--- Your goal ---
Ignoring every picture, return the lines of the listing below word for word, from the line that holds "Depuis 1986, les" through the line that holds "7月20日,湖南湘聯(liá".

--- The data ---
◇ ◇ ◇

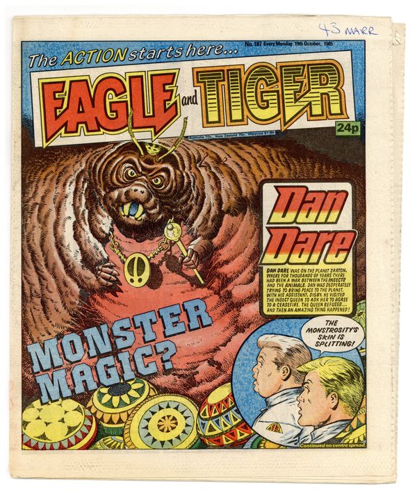 Oct. 19, 1985. "Eagle and Tiger" on cover. Dan Dare, plus other features. Published in the United Kingdom, 8-1/2-in. x 11-1/2-in, 32-pages including cover, all newsprint stock. Mix of color and black/white interior.
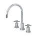 This faucet boasts bold, sleek design with its cylindrical styling. Able to fit a variety of sink set-ups, widespread kitchen faucets can be utilized in several multi-hole configurations. These are ideal for larger kitchens, as they are more spread apart, and feature a 3-hole installation. The polished chrome finish will also add a glistening elegance to your kitchen ensemble. Allow the brass construction to provide a sturdy and reliant fixture. Matching accessories are available for use.
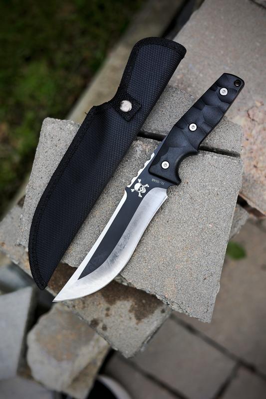 Мисливський ніж з чохлом в комплекті загальна довжина 270 мм довжина леза 150 мм товщина леза 5 мм матеріал леза нержавіюча сталь 65Х13 матеріал рукоятки рельєфний протиударний пластик матеріал чохла нейлон можливість кріплення на пояс
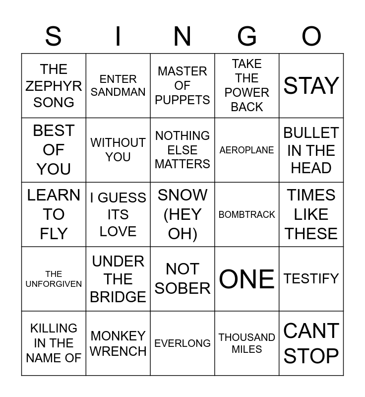 This bingo card has 25 words: UNDER THE BRIDGE, EVERLONG, NOTHING ELSE MATTERS, KILLING IN THE NAME OF, STAY, THE ZEPHYR SONG, BEST OF YOU, ENTER SANDMAN, BOMBTRACK, NOT SOBER, AEROPLANE, LEARN TO FLY, ONE, TESTIFY, WITHOUT YOU, CANT STOP, TIMES LIKE THESE, MASTER OF PUPPETS, BULLET IN THE HEAD, I GUESS ITS LOVE, SNOW (HEY OH), MONKEY WRENCH, THE UNFORGIVEN, TAKE THE POWER BACK and THOUSAND MILES.
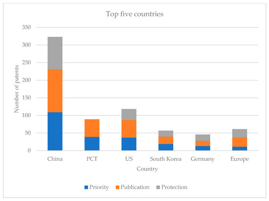 Figure 2 illustrates the five countries with the highest number of filed and published applications. China leads the ranking, with 109 priority applications, followed by the USA (37) and South Korea (19). Notably, the PCT procedure is a popular choice among applicants, with 39 applications.
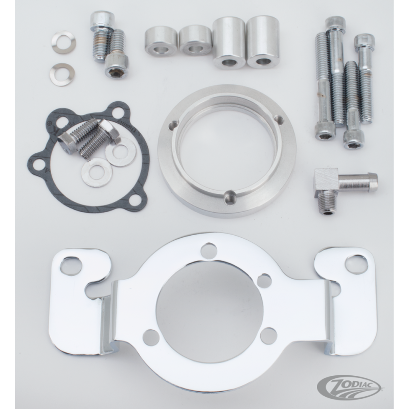 Depuis 1986, les Harley-Davidson ont des supports de filtre à air qui se montent directement sur les culasses. Si vous voulez monter un filtre à air custom ou un carburateur performance il vous faudra un de ces supports pour tenir le carburateur. Nous proposons une gamme complète de ces supports pour Sportster, Twin Cam et Big Twin.
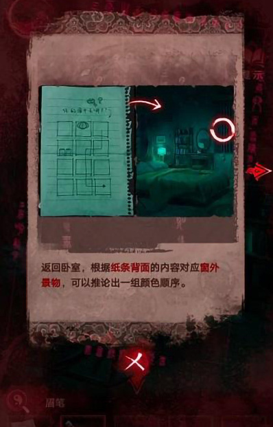 9、我们返回卧室,根据纸条背面内容对应窗外景物,即可获得一组颜色顺序。
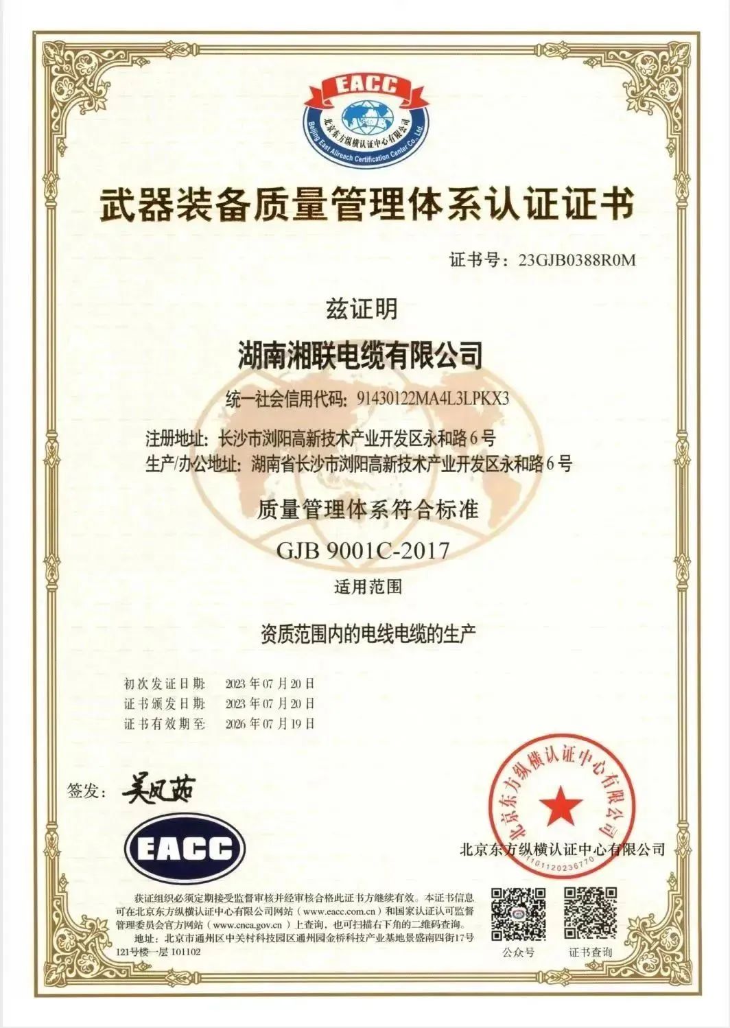 7月20日,湖南湘聯(lián)電纜有限公司順利通過(guò)國(guó)軍標(biāo)質(zhì)量管理體系認(rèn)證,獲得《武器裝備質(zhì)量管理體系認(rèn)證證書》,質(zhì)量管理體系符合:GJB9001C-2017標(biāo)準(zhǔn)。
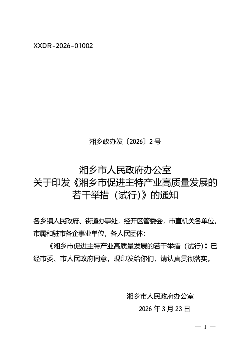 湘鄉(xiāng)市人民政府辦公室 關(guān)于印發(fā)《湘鄉(xiāng)市促進(jìn)主特產(chǎn)業(yè)高質(zhì)量發(fā)展的若干舉措(試行)》的通知
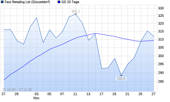 Mit dem Anstieg auf 313,70 EUR hat die Fast Retailing-Aktie am 26.11.2025 die 20-Tage-Linie nach oben gekreuzt.Die Fast Retailing-Aktie befindet sich seit dem 10.10.2025 im langfristigen Aufwärtstrend ...weiterlesen

◇ ◇ ◇

--- Answer box ---
 Depuis 1986, les Harley-Davidson ont des supports de filtre à air qui se montent directement sur les culasses. Si vous voulez monter un filtre à air custom ou un carburateur performance il vous faudra un de ces supports pour tenir le carburateur. Nous proposons une gamme complète de ces supports pour Sportster, Twin Cam et Big Twin.
 9、我们返回卧室,根据纸条背面内容对应窗外景物,即可获得一组颜色顺序。
 7月20日,湖南湘聯(lián)電纜有限公司順利通過(guò)國(guó)軍標(biāo)質(zhì)量管理體系認(rèn)證,獲得《武器裝備質(zhì)量管理體系認(rèn)證證書》,質(zhì)量管理體系符合:GJB9001C-2017標(biāo)準(zhǔn)。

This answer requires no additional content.